■ **Work to be completed**: Word for word, copy out every line of the records, omitting each picture.

(Records from a collection)
__________

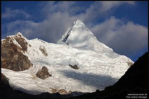 Nach dem Huayhuash-Trekking und der Besteigung des Vallunaraju (5686m) sind Sie bestens auf die Besteigung des technisch äußerst anspruchsvollen Nevado Alpamayo (5947m) vorbereitet. Durch das wildromantische Santa-Cruz-Tal und nach dreitägigem Aufstieg über den Gletscher erreichen wir am 4. Tag, nach Überwindung einer 400m hohen steilen Eiswand, den Gipfel. Das atemberaubende Panorama lohnt alle Mühen und Strapazen.
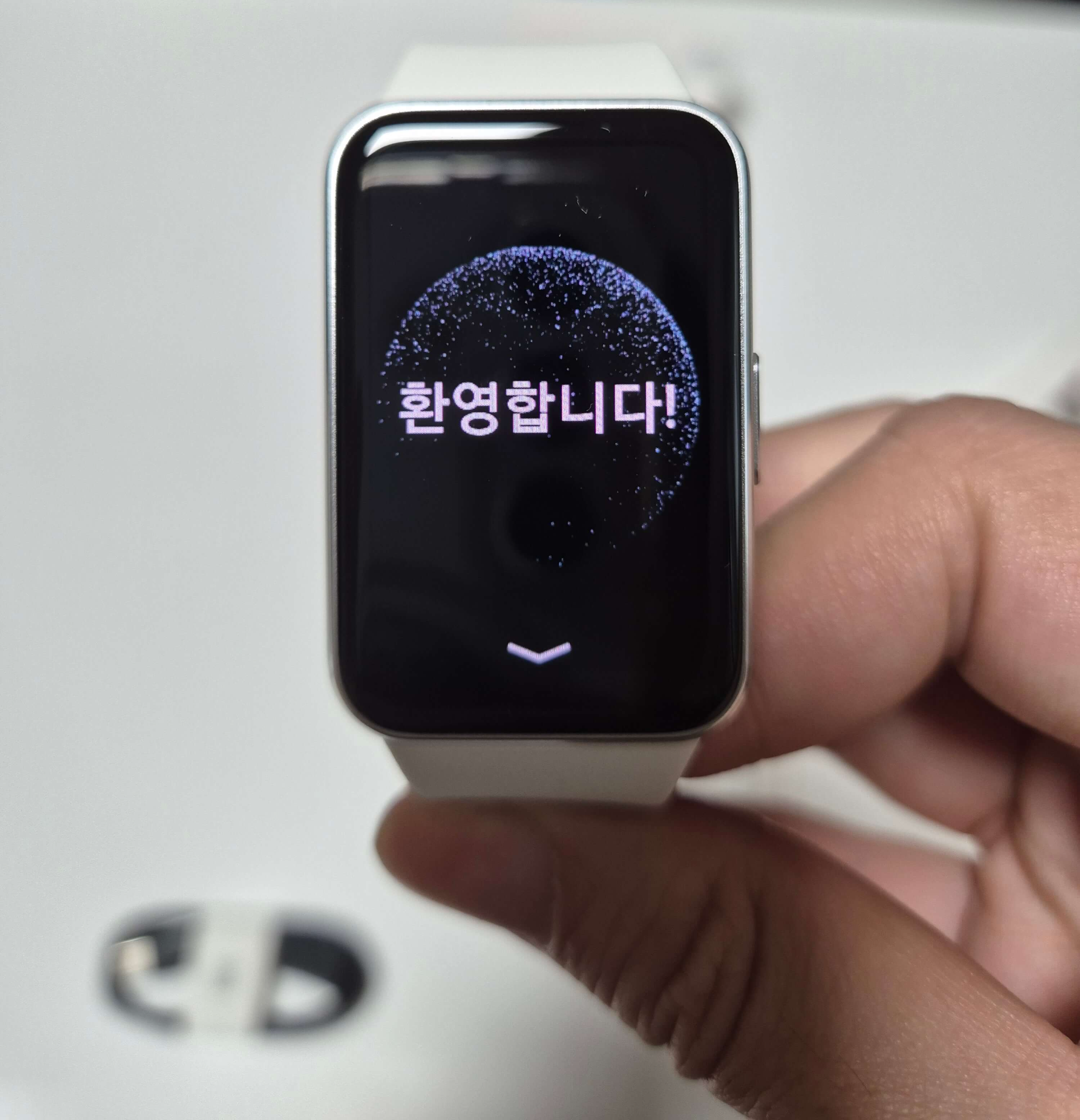 전원이 켜지고 부팅 화면과 함께 환영합니다! 라는 문구가 나타납니다.
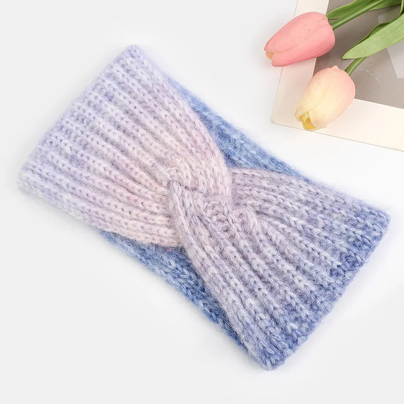 Градиентные вязаные повязки на голову спортивные наушники полосатые теплые шерстяные аксессуары для волос красочные из полиэстера
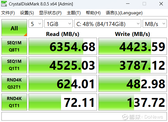 内存的读写速度分别来到读63432 MB/s、写100774 MB/s,固态的读写也来到了读取6354.68MB/s、写入4423.59MB/S,这里完全可以从容应对绝大部分大型应用和办公内容。
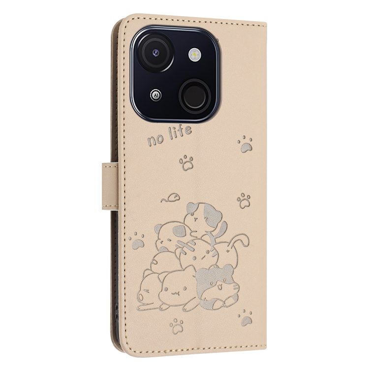 Funda de Cuero para Teléfono Itel A50C con Diseño de Gatito en Relieve y Cordón (Beige)
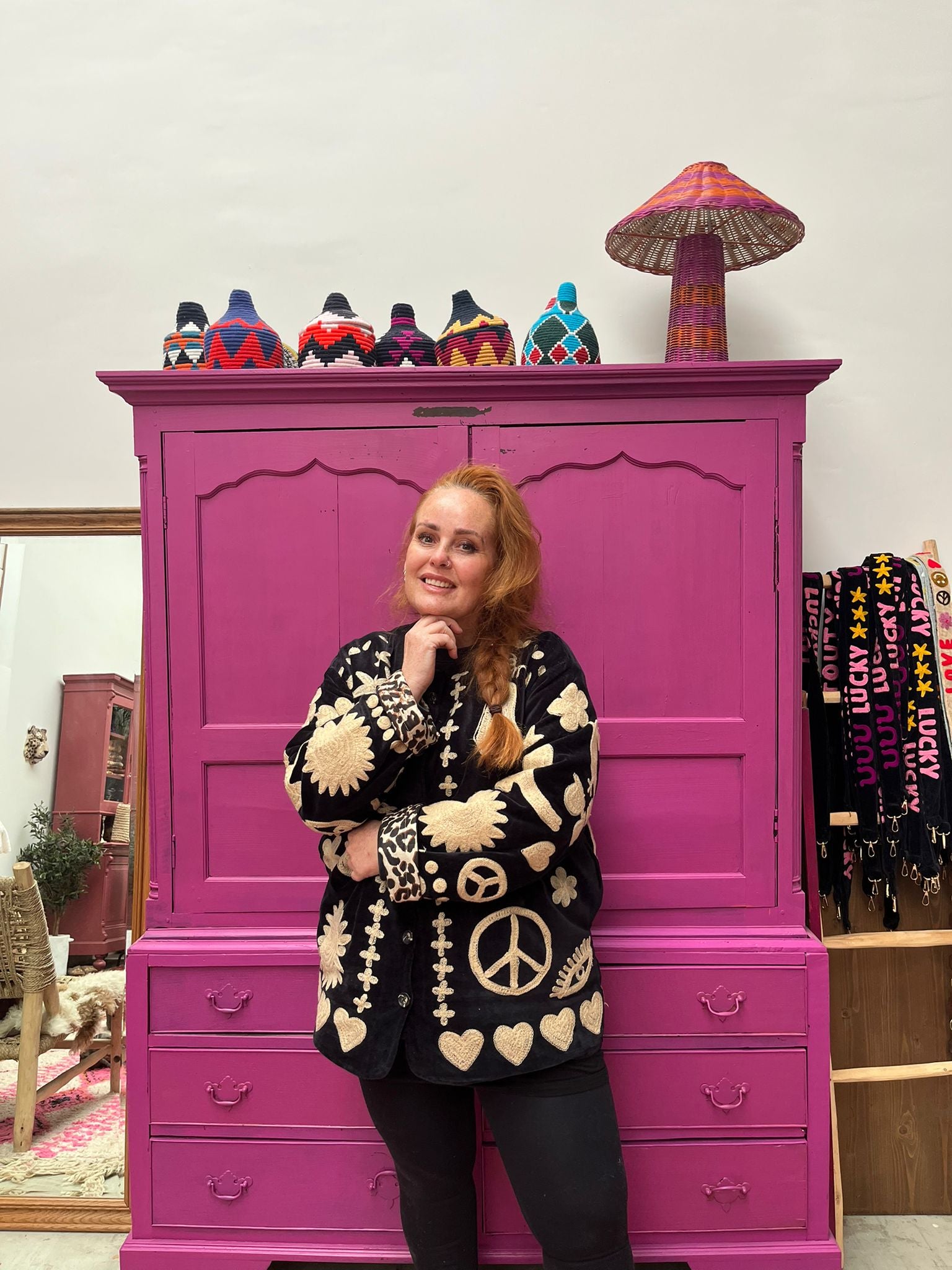 Dit jacket is gemaakt van velvet stof en geborduurd met de mooiste garen. Alles is zorgvuldig geselecteerd met respect voor mens en planeet.
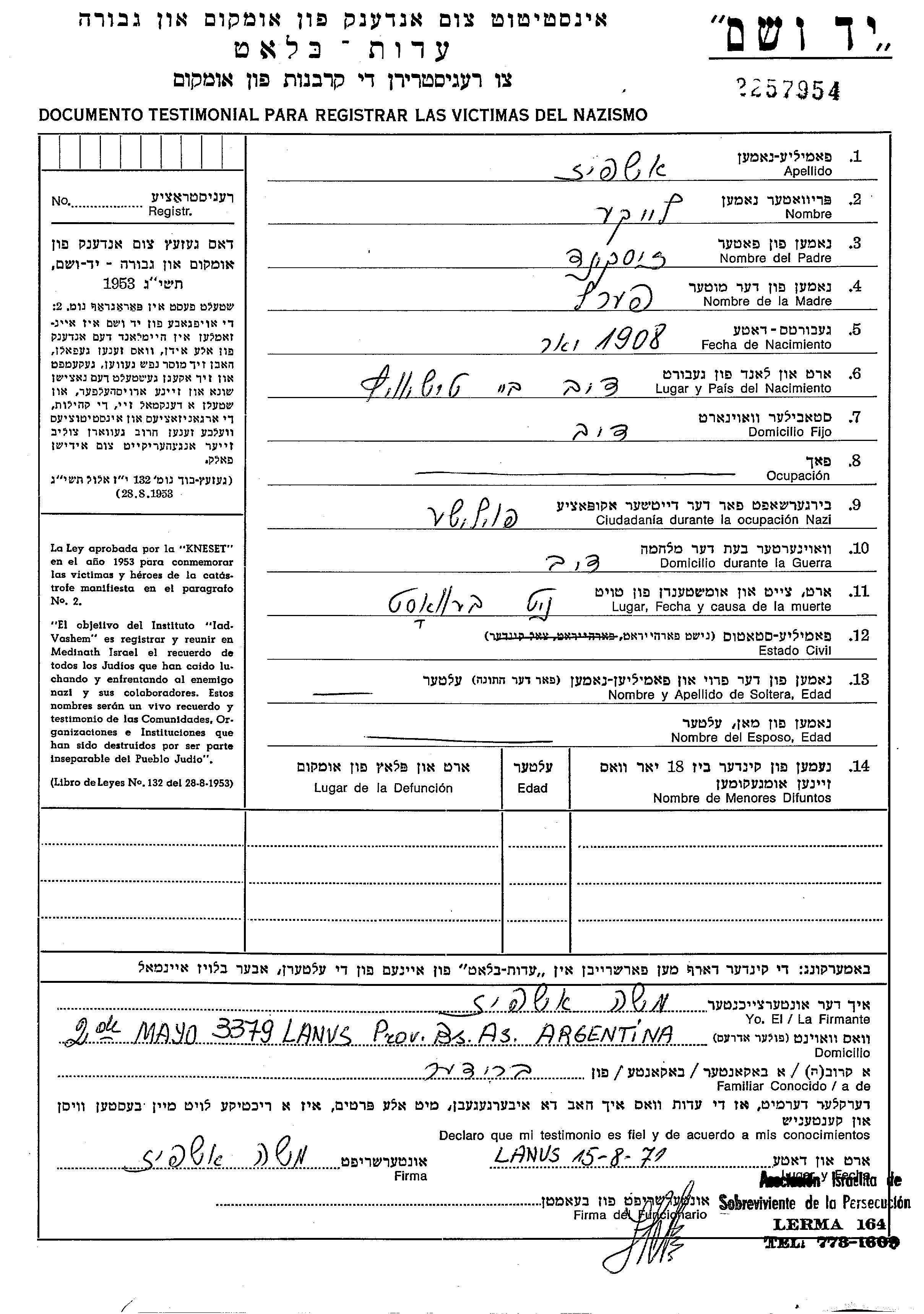 Yad Vashem - Pages of Testimony Names Memorial Collection
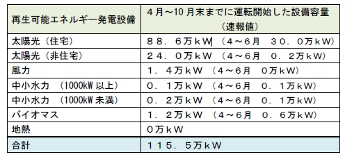 経済産業省が11月16日発表した、今年4~10月の再生可能エネルギー発電設備の導入量(速報値)は、115.5万kWだった。9月末時点から24.3万kW増えた。太陽光発電設備が112.6万kW(前月比24.1万kW増)。9割以上を占めている。そのうち、住宅用は88.6万kW。

__________

■ **Written response**:
 Nach dem Huayhuash-Trekking und der Besteigung des Vallunaraju (5686m) sind Sie bestens auf die Besteigung des technisch äußerst anspruchsvollen Nevado Alpamayo (5947m) vorbereitet. Durch das wildromantische Santa-Cruz-Tal und nach dreitägigem Aufstieg über den Gletscher erreichen wir am 4. Tag, nach Überwindung einer 400m hohen steilen Eiswand, den Gipfel. Das atemberaubende Panorama lohnt alle Mühen und Strapazen.
 전원이 켜지고 부팅 화면과 함께 환영합니다! 라는 문구가 나타납니다.
 Градиентные вязаные повязки на голову спортивные наушники полосатые теплые шерстяные аксессуары для волос красочные из полиэстера
 内存的读写速度分别来到读63432 MB/s、写100774 MB/s,固态的读写也来到了读取6354.68MB/s、写入4423.59MB/S,这里完全可以从容应对绝大部分大型应用和办公内容。
 Funda de Cuero para Teléfono Itel A50C con Diseño de Gatito en Relieve y Cordón (Beige)
 Dit jacket is gemaakt van velvet stof en geborduurd met de mooiste garen. Alles is zorgvuldig geselecteerd met respect voor mens en planeet.
 Yad Vashem - Pages of Testimony Names Memorial Collection
 経済産業省が11月16日発表した、今年4~10月の再生可能エネルギー発電設備の導入量(速報値)は、115.5万kWだった。9月末時点から24.3万kW増えた。太陽光発電設備が112.6万kW(前月比24.1万kW増)。9割以上を占めている。そのうち、住宅用は88.6万kW。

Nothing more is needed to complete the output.